Last week, embattled Attorney General Alberto Gonzales gave a different account of the briefing, provoking yet another controversy in his tenure as the country’s top law-enforcement officer. In testimony before the Senate Judiciary Committee, Gonzales, who participated in the briefing as the White House counsel, said the legislators were told the deputy attorney general at the time, James Comey, had raised objections to the program. Gonzales said there was “consensus” that the program, aimed at catching terrorists, was needed. “The congressional leadership … told us, ‘Continue going forward with this very important intelligence activity’,” Gonzales testified.

It was only after getting that go-ahead, Gonzales said, that he and then White House chief of staff Andrew Card visited the hospital room of John Ashcroft, the gravely ill attorney general recovering from surgery. Gonzales tried, unsuccessfully, to get the heavily medicated Ashcroft to overrule Comey—a pivotal moment in one of the fiercest behind-the-scenes clashes of the Bush presidency.

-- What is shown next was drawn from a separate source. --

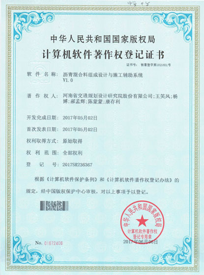 近日,由我公司公路养护设计研究院申报的三项软件《沥青混合料目标配合比设计系统》、《沥青混合料生产配合比设计及验证系统》、《沥青混合料组成设计与施工辅助系统》获国家计算机软件著作权登记证书。三项软件分...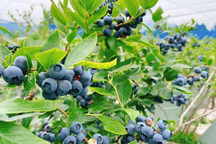 7月上旬から9月上旬まで摘み取りできます。ブルーベリーのほかにも、春はいちご狩り、秋は落花生やさつまいもの掘り取りなど季節に合わせて収穫体験を楽しみましょう(要予約)。

Gonzales’s account of the briefing and his reasons for going to the hospital set off a firestorm. Democratic senators charged that aspects of Gonzales’s testimony were false and demanded the appointment of a special prosecutor; even the committee’s ranking Republican, Sen. Arlen Specter, questioned if Gonzales’s testimony was “actionable.” The key point of contention: the A.G.’s long insistence that “there has not been any serious disagreement” within the administration about the Terrorist Surveillance Program. His claim came under scrutiny a few months ago when Comey testified how he, Ashcroft and FBI Director Robert Mueller were ready to resign in March ‘04 over a classified-intelligence program. Senators familiar with the matter, such as John D. Rockefeller IV and Russ Feingold, say Comey was referring to the same program now called the TSP. Yet Gonzales insisted the subject of the briefing and the dispute with Comey was “not about the TSP” but about “other intelligence activities” he couldn’t discuss.

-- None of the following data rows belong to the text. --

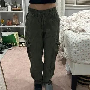 Stylish olive green cargo pants. Features multiple pockets. Comfortable fit.
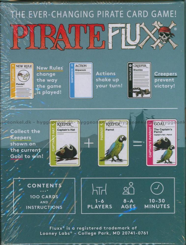 Den populära spelidén Fluxx finns nu med pirater. Ta befäl med kaptenshatten, men se upp för skörbjugg och myterier som kan kosta dig segern. Sno åt dig den största delen av bytena samt några skepp och var på din vakt mot överraskande kort.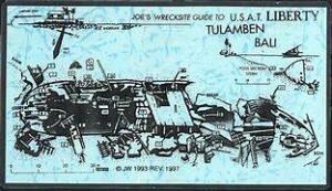 Liberty was launched on 19 June 1918 by the Federal Shipbuilding Company in Kearny New Jersey.  Acquired by the United States Navy as animal transport cargo ship for the World War I [USS Liberty (ID-3461)]. In November 1940, Liberty was one of ten ships taken up by the Unites States Army for defense service during the World War II. Renamed U.S.A.T Liberty for United States Army Transport Liberty. In January 1942, she was in route from Australia to the Philippines with a cargo of railway parts and rubber when she was torpedoed by a Japanese submarine [I-66] south of the Lombok Strait. Two destroyers took her in tow attempting to reach the Celukan Bawang Harbour in Singaraja but as the ship was too damaged they decided to beach her in the north-eastern coast. The Mount Agung eruption from 1963 has led the ship to slip off the beach. She now lies on a sandy slope in a depth of between 4 & 30 meters.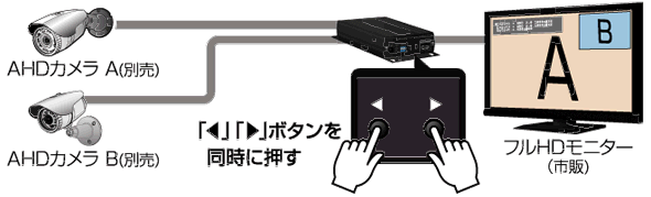 セッティングスイッチの切替えで動作状態や入出力状態の設定変更ができます。 ![]() ●1台のカメラ+モニター2台の接続イメージ カメラ1台の映像をフルハイビジョンでモニターに映します。 ![]() ●1台のカメラ+モニター3台の接続イメージ CVBSモニター(BNC端子)、パソコンモニター(VGA端子)、HDMI端子に対応した映像出力端子を備えており、 最大3台のモニターに同時に映像を映すことができます。 ![]() ●2台のカメラ(PIP)+モニター2台の接続イメージ カメラ2台の映像をパソコンモニター(VGA端子)、HDMI端子それぞれのモニターに同時に映すことができます。 ![]() ※PIP=ピクチャーインピクチャー PIP(ピクチャーインピクチャー)の設定 ●サブ画面の表示位置を変更する場合の設定 サブ画面の表示位置を「左・右 矢印」ボタンで変更できます。上下左右の四隅に変更することができます。 ![]() ●サブ画面の大きさを変更する場合の設定 サブ画面の大きさを「左・右 矢印」ボタンで変更できます。 サブ画面のメイン画面との割合いは最小時でおよそ25%、最大45%まで10段階で調整可能です。 ![]() |

Apparent evidence to the contrary is strong: a letter written last year by then-Director of National Intelligence John Negroponte described the March ‘04 briefing as being about the “Terrorist Surveillance Program”; and Mueller himself testified last week the dispute was about the “much discussed” NSA program.

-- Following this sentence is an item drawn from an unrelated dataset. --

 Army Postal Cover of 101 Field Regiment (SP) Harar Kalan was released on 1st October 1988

The new dispute is, in part, a semantic game. The name “Terrorist Surveillance Program” wasn’t used by the White House until December 2005. By that time, the program had been scaled back because of protests from Comey and others at the Justice Department. Justice officials insisted last week Gonzales has always been careful to limit his statements to the publicly disclosed TSP, implying that his comments do not refer to the program as it existed before late ‘05. The A.G.’s testimony “was and remains accurate,” a spokesman says.